▸ The records
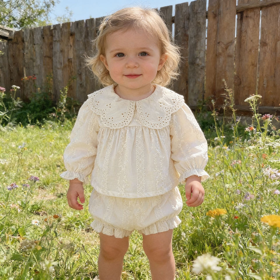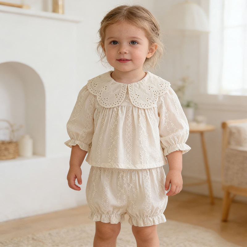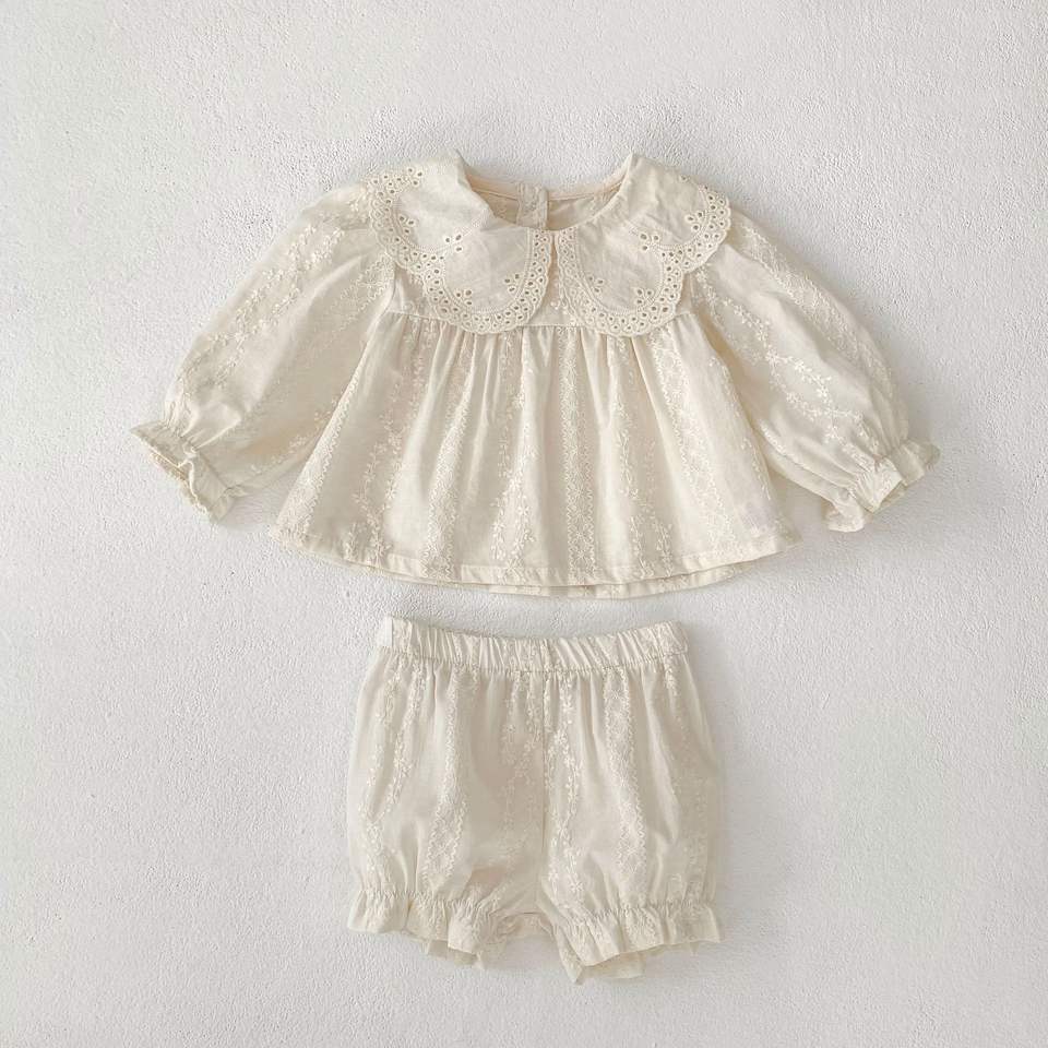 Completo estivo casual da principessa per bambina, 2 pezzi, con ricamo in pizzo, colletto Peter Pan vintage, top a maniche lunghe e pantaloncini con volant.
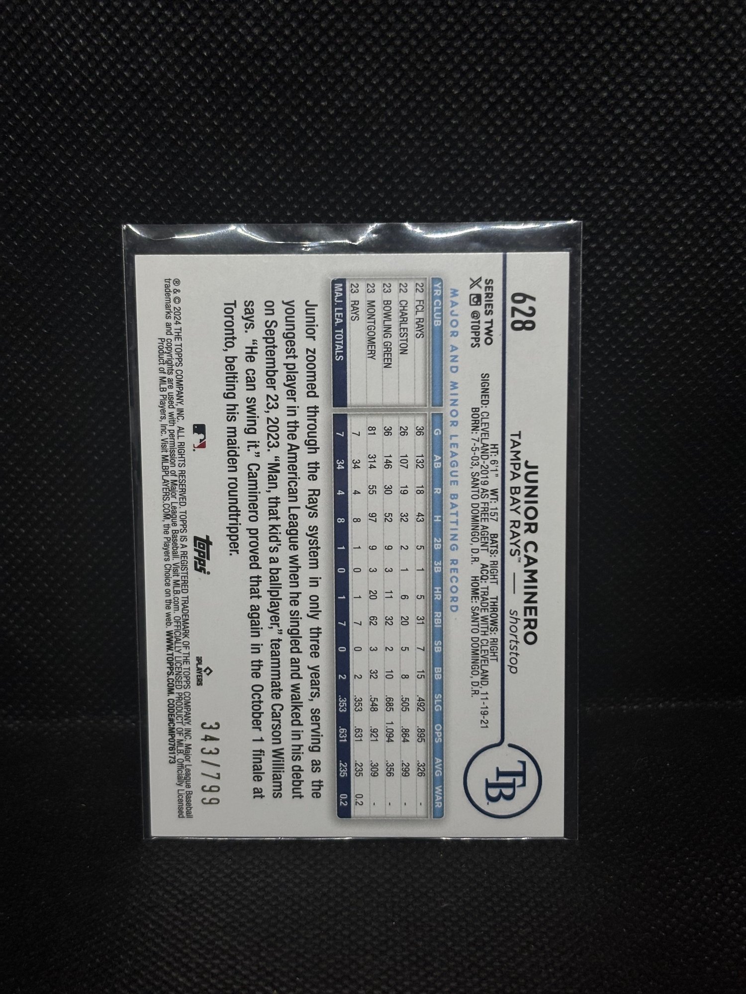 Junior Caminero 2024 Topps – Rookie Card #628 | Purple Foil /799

--

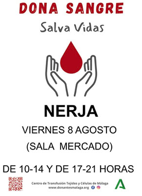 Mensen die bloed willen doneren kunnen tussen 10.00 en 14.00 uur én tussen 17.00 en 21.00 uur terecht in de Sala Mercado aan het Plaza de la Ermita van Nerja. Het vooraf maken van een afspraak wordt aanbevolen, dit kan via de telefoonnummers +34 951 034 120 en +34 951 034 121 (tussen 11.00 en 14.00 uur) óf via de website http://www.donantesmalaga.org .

▸ Problem description
Using the records above, print exactly the run of lines that starts with the line with "Completo estivo casual" and goes on through the line with "Junior Caminero 2024", pictures excluded.

▸ Written solution
 Completo estivo casual da principessa per bambina, 2 pezzi, con ricamo in pizzo, colletto Peter Pan vintage, top a maniche lunghe e pantaloncini con volant.
 Junior Caminero 2024 Topps – Rookie Card #628 | Purple Foil /799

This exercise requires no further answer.